Since moving in, besides the whole dog fiasco, which has not gotten any better, I have found out that this woman is 1)an alcoholic- she got an extreme DUI last weekend and will be paying thousands of dollars between her lawyer and fines, which is kind of my business since she doesn’t have a job and her finances were tight to start with 2)having an affair with a married man, who she has at the house quite often, which makes me very uncomfortable and 3)regularly buying prescription narcotics off of the black market for her “fibromyalgia pain”. Having found out all of these things about her makes me want to run away from her- after all, if she has no moral compass, what would be to stop her from fucking me over? Nothing, I presume.
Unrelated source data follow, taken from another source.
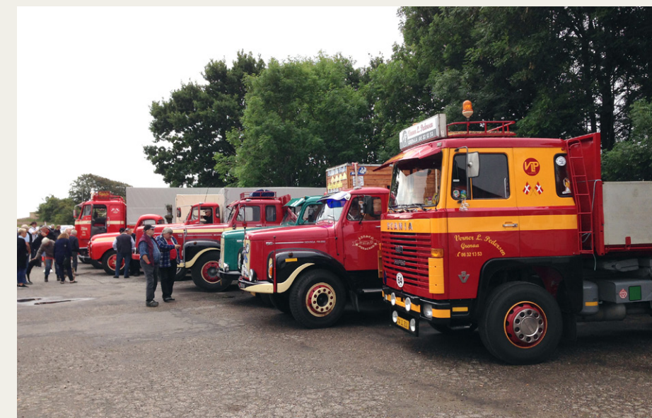
En stribe flotte Scania og Volvo. I forgrunden en LBS140 med den helt rigtige V8 lyd.
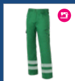
010 Verde medio DESCATALOGADO (últimas unidades)
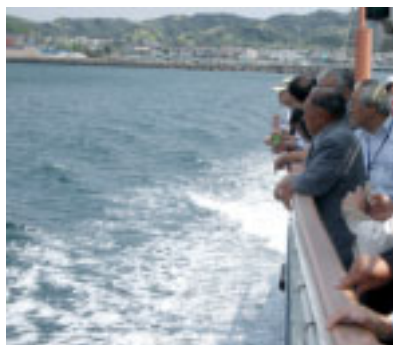
▲「たかしま」で洋上から視察

「棧橋が完成したらこのような景観を楽しむことができ。素晴らしい」といった意見が聞かれました。

Not only have I been confronted with these failings on her part, she is also quite moody and petty. I really can’t stand a moody person. I strive to be fairly even-tempered, and although I do have my bad moods and PMSy days, I’m basically the same person day after day and I try not to be someone that other people need to tiptoe around. Not so her. We seem to be constantly embroiled in petty emotional issues, and she does things like giving me the silent treatment, talks about me negatively on the phone where I can hear her, is very snappy and hateful to my son and I, etc. We seem to have drastically different personalities, lifestyles, moralities, types of friends, etc. I wish that I had known these things before I moved in, but she wasn’t really forthcoming about the way she really lived.
So, in short, I hate her, I hate living here, and I’m stuck, as right now I’m pretty much broke and can’t afford to move out. Damn the day I made the decision to move in here. Although my old apartment and neighborhood were pretty intolerable, at least I was alone (besides one kid, who I get along with pretty well). Dammit.